GIVEN RECORDS —
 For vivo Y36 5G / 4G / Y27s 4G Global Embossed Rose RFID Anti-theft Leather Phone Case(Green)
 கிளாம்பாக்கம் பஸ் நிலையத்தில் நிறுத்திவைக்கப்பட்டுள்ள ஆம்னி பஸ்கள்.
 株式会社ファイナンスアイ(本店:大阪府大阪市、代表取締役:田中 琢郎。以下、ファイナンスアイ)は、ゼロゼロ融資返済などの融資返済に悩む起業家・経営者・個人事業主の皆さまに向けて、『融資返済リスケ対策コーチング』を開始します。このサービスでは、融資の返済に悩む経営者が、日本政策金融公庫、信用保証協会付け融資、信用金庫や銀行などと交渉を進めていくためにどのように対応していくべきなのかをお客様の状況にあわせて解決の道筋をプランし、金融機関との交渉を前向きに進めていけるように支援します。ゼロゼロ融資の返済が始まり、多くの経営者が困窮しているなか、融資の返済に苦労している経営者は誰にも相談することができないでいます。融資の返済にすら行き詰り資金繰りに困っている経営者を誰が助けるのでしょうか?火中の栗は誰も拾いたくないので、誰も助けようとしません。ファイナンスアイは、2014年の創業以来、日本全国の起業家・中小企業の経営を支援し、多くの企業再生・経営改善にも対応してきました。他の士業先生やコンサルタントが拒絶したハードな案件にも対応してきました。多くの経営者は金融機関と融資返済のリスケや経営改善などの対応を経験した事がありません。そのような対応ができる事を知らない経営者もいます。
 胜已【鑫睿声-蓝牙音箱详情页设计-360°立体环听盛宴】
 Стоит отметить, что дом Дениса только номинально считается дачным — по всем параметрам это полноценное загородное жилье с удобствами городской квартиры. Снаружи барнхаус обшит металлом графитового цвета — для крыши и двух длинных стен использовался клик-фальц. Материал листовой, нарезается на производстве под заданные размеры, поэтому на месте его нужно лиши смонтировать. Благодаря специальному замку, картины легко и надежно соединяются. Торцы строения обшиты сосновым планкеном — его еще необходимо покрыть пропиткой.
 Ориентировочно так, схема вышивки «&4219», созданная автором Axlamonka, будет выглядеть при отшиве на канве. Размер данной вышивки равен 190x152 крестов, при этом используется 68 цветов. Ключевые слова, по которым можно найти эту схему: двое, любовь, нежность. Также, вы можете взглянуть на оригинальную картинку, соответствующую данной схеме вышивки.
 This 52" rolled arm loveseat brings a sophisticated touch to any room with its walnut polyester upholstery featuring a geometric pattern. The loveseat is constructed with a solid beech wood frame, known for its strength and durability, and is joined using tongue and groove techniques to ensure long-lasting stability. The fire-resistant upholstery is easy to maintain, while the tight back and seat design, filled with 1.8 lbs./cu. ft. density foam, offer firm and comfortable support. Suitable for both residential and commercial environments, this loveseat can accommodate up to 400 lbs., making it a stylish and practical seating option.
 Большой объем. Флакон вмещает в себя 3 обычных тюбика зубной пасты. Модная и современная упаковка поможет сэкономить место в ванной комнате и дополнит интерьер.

WHAT YOU NEED TO DO — Each entry shown above should be transcribed exactly as written.

TASK OUTPUT —
 For vivo Y36 5G / 4G / Y27s 4G Global Embossed Rose RFID Anti-theft Leather Phone Case(Green)
 கிளாம்பாக்கம் பஸ் நிலையத்தில் நிறுத்திவைக்கப்பட்டுள்ள ஆம்னி பஸ்கள்.
 株式会社ファイナンスアイ(本店:大阪府大阪市、代表取締役:田中 琢郎。以下、ファイナンスアイ)は、ゼロゼロ融資返済などの融資返済に悩む起業家・経営者・個人事業主の皆さまに向けて、『融資返済リスケ対策コーチング』を開始します。このサービスでは、融資の返済に悩む経営者が、日本政策金融公庫、信用保証協会付け融資、信用金庫や銀行などと交渉を進めていくためにどのように対応していくべきなのかをお客様の状況にあわせて解決の道筋をプランし、金融機関との交渉を前向きに進めていけるように支援します。ゼロゼロ融資の返済が始まり、多くの経営者が困窮しているなか、融資の返済に苦労している経営者は誰にも相談することができないでいます。融資の返済にすら行き詰り資金繰りに困っている経営者を誰が助けるのでしょうか?火中の栗は誰も拾いたくないので、誰も助けようとしません。ファイナンスアイは、2014年の創業以来、日本全国の起業家・中小企業の経営を支援し、多くの企業再生・経営改善にも対応してきました。他の士業先生やコンサルタントが拒絶したハードな案件にも対応してきました。多くの経営者は金融機関と融資返済のリスケや経営改善などの対応を経験した事がありません。そのような対応ができる事を知らない経営者もいます。
 胜已【鑫睿声-蓝牙音箱详情页设计-360°立体环听盛宴】
 Стоит отметить, что дом Дениса только номинально считается дачным — по всем параметрам это полноценное загородное жилье с удобствами городской квартиры. Снаружи барнхаус обшит металлом графитового цвета — для крыши и двух длинных стен использовался клик-фальц. Материал листовой, нарезается на производстве под заданные размеры, поэтому на месте его нужно лиши смонтировать. Благодаря специальному замку, картины легко и надежно соединяются. Торцы строения обшиты сосновым планкеном — его еще необходимо покрыть пропиткой.
 Ориентировочно так, схема вышивки «&4219», созданная автором Axlamonka, будет выглядеть при отшиве на канве. Размер данной вышивки равен 190x152 крестов, при этом используется 68 цветов. Ключевые слова, по которым можно найти эту схему: двое, любовь, нежность. Также, вы можете взглянуть на оригинальную картинку, соответствующую данной схеме вышивки.
 This 52" rolled arm loveseat brings a sophisticated touch to any room with its walnut polyester upholstery featuring a geometric pattern. The loveseat is constructed with a solid beech wood frame, known for its strength and durability, and is joined using tongue and groove techniques to ensure long-lasting stability. The fire-resistant upholstery is easy to maintain, while the tight back and seat design, filled with 1.8 lbs./cu. ft. density foam, offer firm and comfortable support. Suitable for both residential and commercial environments, this loveseat can accommodate up to 400 lbs., making it a stylish and practical seating option.
 Большой объем. Флакон вмещает в себя 3 обычных тюбика зубной пасты. Модная и современная упаковка поможет сэкономить место в ванной комнате и дополнит интерьер.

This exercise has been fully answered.